The description is efficiently structured in two sentences: the first states the action and effect, the second provides usage context. Every sentence earns its place with no wasted words, and the most important information is front-loaded.

Shorter descriptions cost fewer tokens and are easier for agents to parse. Every sentence should earn its place.

Completeness2/5

Given the tool's complexity, does the description cover enough for an agent to succeed on first attempt?

For a security/permissions mutation tool with no annotations and no output schema, the description is insufficient. It doesn't explain what the tool returns, error conditions, side effects, or security implications. The description should provide more complete context given the tool's complexity and lack of structured metadata.

Complex tools with many parameters or behaviors need more documentation. Simple tools need less. This dimension scales expectations accordingly.

Parameters3/5

Does the description clarify parameter syntax, constraints, interactions, or defaults beyond what the schema provides?

Schema description coverage is 100%, so the schema already documents both parameters completely. The description doesn't add any parameter-specific information beyond what's in the schema (roleId and teamId). This meets the baseline expectation when schema coverage is high.

Input schemas describe structure but not intent. Descriptions should explain non-obvious parameter relationships and valid value ranges.

Purpose5/5

Does the description clearly state what the tool does and how it differs from similar tools?

The description clearly states the specific action ('Assigns a security role to a team') and the outcome ('granting all team members the permissions defined in that role'). It distinguishes from sibling tools like 'assign_role_to_user' by specifying it applies to teams rather than individual users.

Agents choose between tools based on descriptions. A clear purpose with a specific verb and resource helps agents select the right tool.

Usage Guidelines4/5

Does the description explain when to use this tool, when not to, or what alternatives exist?

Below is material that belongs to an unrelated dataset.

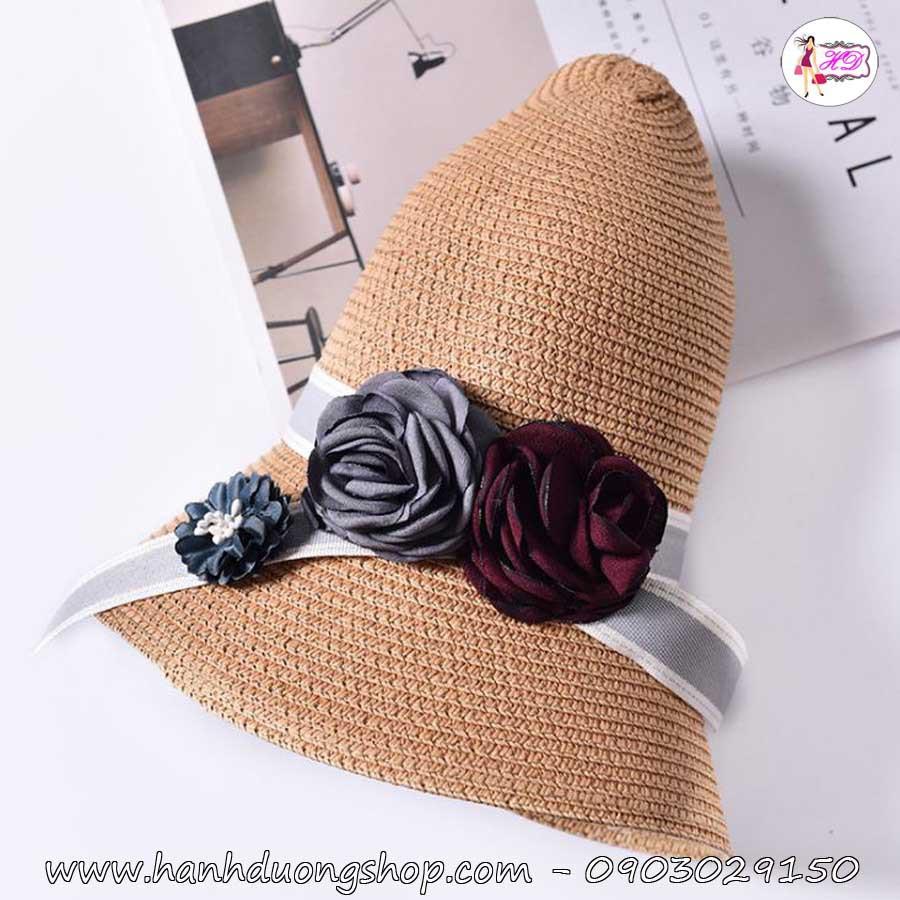 Mũ vải rộng vành đi biển nữ chống nắng tốt kết nơ hoa đẹp - Hạnh Dương Shop

The description provides clear context for when to use this tool ('to provide consistent access levels to groups of users working together on similar tasks'), which helps differentiate it from user-level assignment. However, it doesn't explicitly mention when NOT to use it or name specific alternatives like 'assign_role_to_user'.

Agents often have multiple tools that could apply. Explicit usage guidance like "use X instead of Y when Z" prevents misuse.